- What this task involves -
Look below for the line that contains "Vibrant water droplets", then copy it and each following line exactly, through and including the line that contains "Der BIO-Salbei von".

- Dataset records -
· · · · · · ·
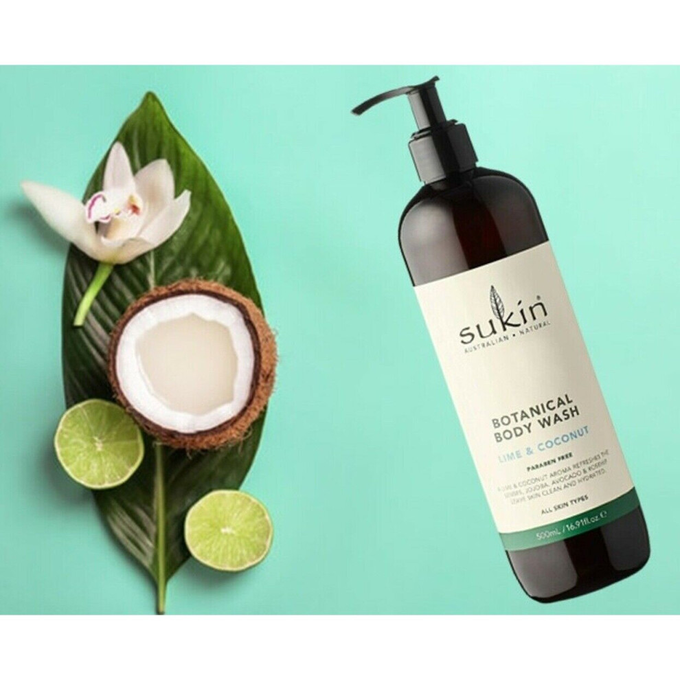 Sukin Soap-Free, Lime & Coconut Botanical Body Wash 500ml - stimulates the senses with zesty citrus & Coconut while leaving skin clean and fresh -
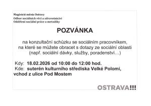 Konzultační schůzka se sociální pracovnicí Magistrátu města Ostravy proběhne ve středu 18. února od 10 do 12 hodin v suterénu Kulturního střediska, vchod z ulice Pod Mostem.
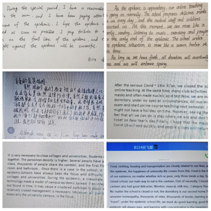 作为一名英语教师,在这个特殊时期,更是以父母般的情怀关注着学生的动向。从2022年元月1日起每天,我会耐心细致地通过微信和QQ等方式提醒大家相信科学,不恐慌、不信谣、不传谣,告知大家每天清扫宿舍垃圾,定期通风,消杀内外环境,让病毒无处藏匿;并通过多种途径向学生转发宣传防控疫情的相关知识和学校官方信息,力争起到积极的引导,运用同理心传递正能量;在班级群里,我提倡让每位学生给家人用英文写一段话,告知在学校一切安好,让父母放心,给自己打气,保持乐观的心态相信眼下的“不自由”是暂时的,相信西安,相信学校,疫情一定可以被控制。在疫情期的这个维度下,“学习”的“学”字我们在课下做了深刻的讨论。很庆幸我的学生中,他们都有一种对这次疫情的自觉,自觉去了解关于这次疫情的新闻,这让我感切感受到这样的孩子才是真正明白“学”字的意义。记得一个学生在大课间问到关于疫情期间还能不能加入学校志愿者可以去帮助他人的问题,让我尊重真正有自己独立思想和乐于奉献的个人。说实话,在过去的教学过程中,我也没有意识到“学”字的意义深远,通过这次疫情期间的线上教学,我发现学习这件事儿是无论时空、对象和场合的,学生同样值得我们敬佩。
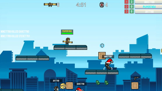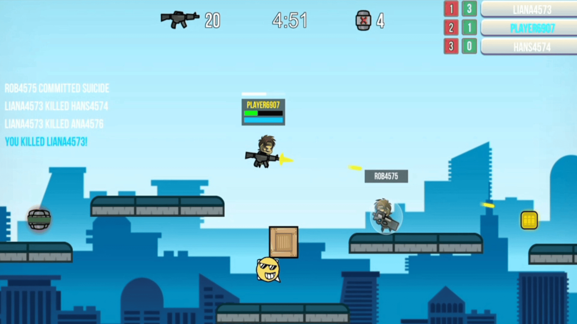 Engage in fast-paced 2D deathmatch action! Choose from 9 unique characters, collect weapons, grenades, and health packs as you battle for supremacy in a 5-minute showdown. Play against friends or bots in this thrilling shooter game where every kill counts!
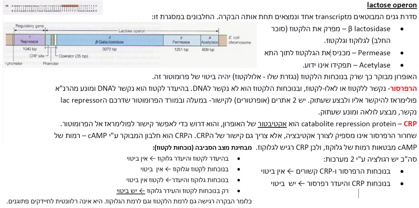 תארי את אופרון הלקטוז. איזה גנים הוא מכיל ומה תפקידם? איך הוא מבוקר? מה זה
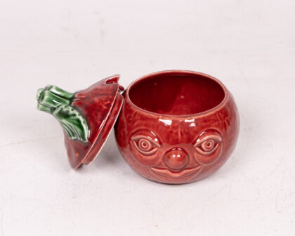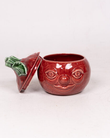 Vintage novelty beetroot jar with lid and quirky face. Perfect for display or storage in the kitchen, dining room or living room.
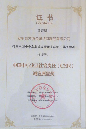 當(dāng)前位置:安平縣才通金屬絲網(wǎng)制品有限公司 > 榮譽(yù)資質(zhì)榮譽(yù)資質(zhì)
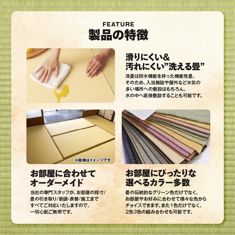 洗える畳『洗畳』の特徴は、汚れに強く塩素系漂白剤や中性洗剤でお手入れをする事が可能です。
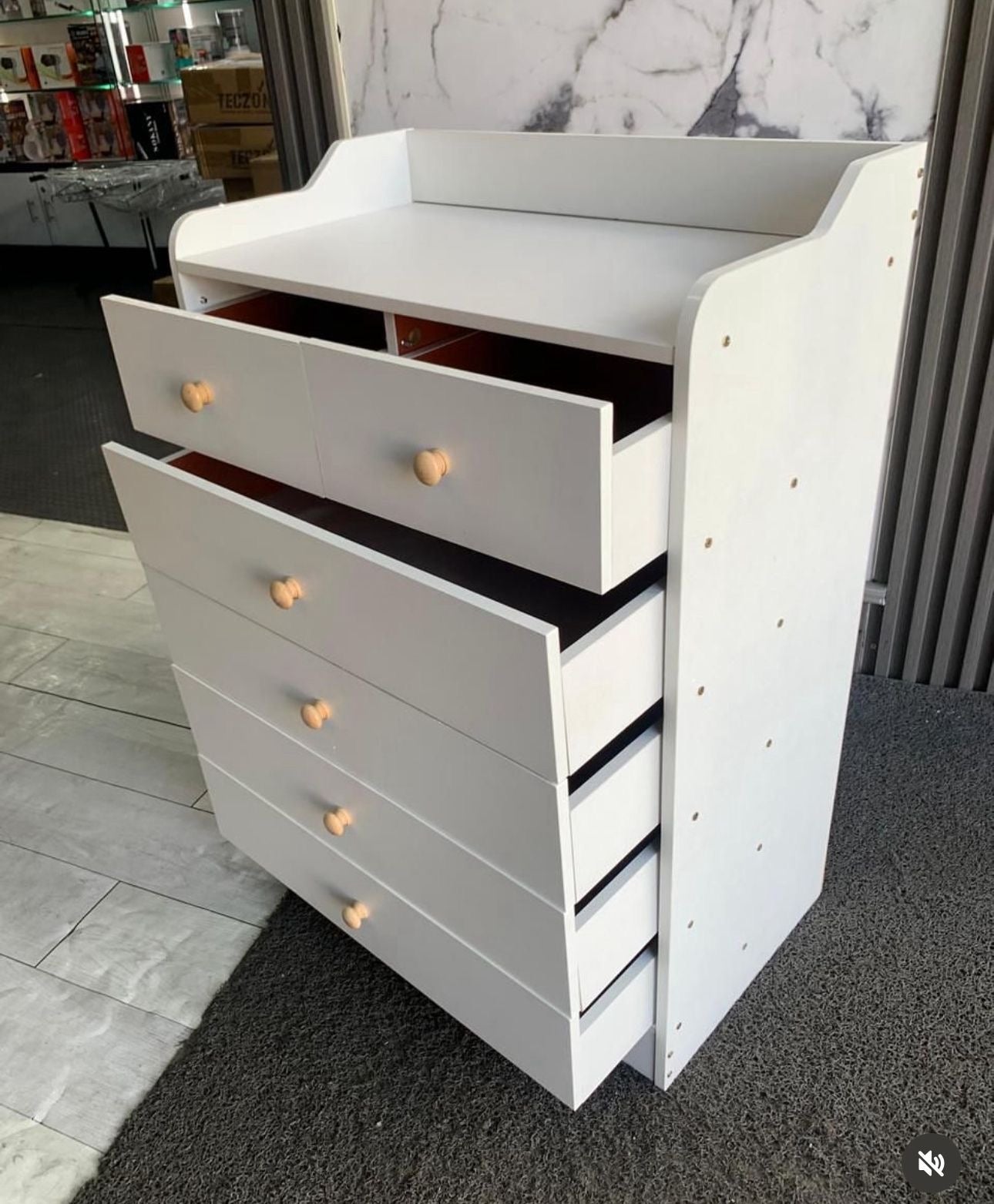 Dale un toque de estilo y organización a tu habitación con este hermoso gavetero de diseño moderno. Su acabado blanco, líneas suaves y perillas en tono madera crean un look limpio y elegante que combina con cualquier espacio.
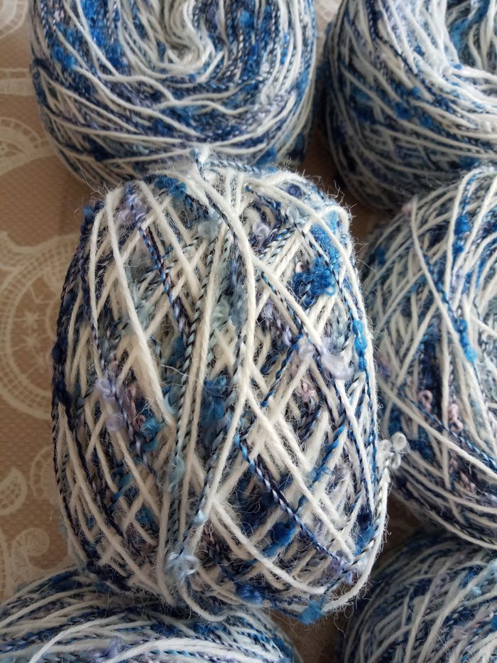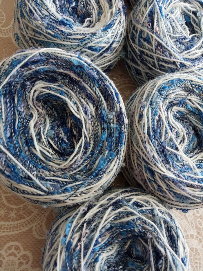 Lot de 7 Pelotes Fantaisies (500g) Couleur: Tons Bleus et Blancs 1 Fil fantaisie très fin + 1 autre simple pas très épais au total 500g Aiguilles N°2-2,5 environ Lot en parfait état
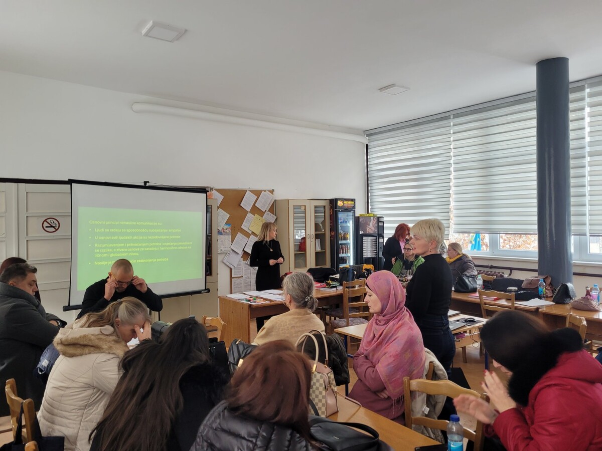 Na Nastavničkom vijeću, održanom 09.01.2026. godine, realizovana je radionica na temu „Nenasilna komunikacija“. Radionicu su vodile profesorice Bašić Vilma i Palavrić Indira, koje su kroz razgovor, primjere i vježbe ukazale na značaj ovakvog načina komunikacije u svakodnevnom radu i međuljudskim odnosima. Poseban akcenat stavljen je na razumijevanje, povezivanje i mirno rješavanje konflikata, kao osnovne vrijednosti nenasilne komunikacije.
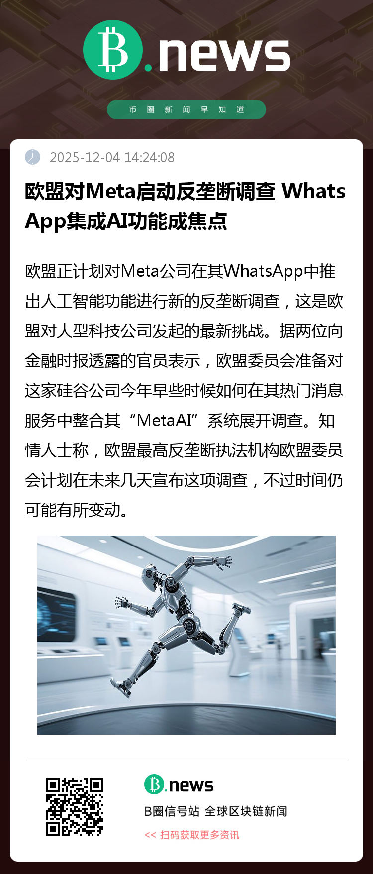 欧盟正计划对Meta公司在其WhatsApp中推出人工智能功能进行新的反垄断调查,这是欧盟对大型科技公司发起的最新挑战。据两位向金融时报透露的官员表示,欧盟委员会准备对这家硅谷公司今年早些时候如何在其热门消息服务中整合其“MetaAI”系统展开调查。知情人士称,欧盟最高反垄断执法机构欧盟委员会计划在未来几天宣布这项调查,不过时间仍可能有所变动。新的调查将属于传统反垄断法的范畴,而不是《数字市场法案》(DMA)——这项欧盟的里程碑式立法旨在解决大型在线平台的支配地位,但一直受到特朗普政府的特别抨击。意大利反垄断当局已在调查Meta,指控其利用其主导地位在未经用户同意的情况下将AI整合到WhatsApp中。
· · · · · · ·
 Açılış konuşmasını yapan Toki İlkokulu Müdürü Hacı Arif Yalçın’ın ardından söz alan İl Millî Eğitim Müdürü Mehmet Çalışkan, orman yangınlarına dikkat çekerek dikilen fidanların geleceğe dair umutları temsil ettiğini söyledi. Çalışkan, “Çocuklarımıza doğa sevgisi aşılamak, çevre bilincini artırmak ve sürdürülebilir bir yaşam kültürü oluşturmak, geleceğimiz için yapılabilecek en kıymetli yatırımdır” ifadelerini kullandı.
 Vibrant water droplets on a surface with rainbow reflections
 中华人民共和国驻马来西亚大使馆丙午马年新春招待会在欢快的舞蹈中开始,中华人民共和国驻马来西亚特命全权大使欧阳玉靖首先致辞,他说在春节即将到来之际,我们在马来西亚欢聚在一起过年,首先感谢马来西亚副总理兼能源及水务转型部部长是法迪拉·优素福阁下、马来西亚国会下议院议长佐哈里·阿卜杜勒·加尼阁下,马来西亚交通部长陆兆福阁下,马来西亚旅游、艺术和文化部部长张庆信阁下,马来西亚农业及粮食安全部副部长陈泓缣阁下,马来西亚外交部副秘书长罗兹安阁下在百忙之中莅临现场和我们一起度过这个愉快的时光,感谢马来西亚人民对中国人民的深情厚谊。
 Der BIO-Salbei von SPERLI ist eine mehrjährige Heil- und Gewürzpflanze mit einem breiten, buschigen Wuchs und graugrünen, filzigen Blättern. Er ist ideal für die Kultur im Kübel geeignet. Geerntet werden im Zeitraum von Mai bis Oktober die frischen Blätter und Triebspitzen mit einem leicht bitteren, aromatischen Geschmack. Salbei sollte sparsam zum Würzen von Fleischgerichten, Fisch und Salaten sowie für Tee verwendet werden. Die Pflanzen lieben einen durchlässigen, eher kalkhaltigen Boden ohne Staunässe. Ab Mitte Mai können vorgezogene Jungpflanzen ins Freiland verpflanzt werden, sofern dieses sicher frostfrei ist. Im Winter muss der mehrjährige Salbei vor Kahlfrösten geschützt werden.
· · · · · · ·
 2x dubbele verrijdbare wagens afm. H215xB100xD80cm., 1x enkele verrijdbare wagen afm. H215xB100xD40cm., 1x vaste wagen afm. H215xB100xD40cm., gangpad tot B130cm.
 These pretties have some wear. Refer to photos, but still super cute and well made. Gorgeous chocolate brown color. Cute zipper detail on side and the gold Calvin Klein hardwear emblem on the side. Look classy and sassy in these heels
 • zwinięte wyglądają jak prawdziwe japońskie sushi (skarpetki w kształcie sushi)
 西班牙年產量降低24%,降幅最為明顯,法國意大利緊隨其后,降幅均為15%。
· · · · · · ·
- Reply -
 Vibrant water droplets on a surface with rainbow reflections
 中华人民共和国驻马来西亚大使馆丙午马年新春招待会在欢快的舞蹈中开始,中华人民共和国驻马来西亚特命全权大使欧阳玉靖首先致辞,他说在春节即将到来之际,我们在马来西亚欢聚在一起过年,首先感谢马来西亚副总理兼能源及水务转型部部长是法迪拉·优素福阁下、马来西亚国会下议院议长佐哈里·阿卜杜勒·加尼阁下,马来西亚交通部长陆兆福阁下,马来西亚旅游、艺术和文化部部长张庆信阁下,马来西亚农业及粮食安全部副部长陈泓缣阁下,马来西亚外交部副秘书长罗兹安阁下在百忙之中莅临现场和我们一起度过这个愉快的时光,感谢马来西亚人民对中国人民的深情厚谊。
 Der BIO-Salbei von SPERLI ist eine mehrjährige Heil- und Gewürzpflanze mit einem breiten, buschigen Wuchs und graugrünen, filzigen Blättern. Er ist ideal für die Kultur im Kübel geeignet. Geerntet werden im Zeitraum von Mai bis Oktober die frischen Blätter und Triebspitzen mit einem leicht bitteren, aromatischen Geschmack. Salbei sollte sparsam zum Würzen von Fleischgerichten, Fisch und Salaten sowie für Tee verwendet werden. Die Pflanzen lieben einen durchlässigen, eher kalkhaltigen Boden ohne Staunässe. Ab Mitte Mai können vorgezogene Jungpflanzen ins Freiland verpflanzt werden, sofern dieses sicher frostfrei ist. Im Winter muss der mehrjährige Salbei vor Kahlfrösten geschützt werden.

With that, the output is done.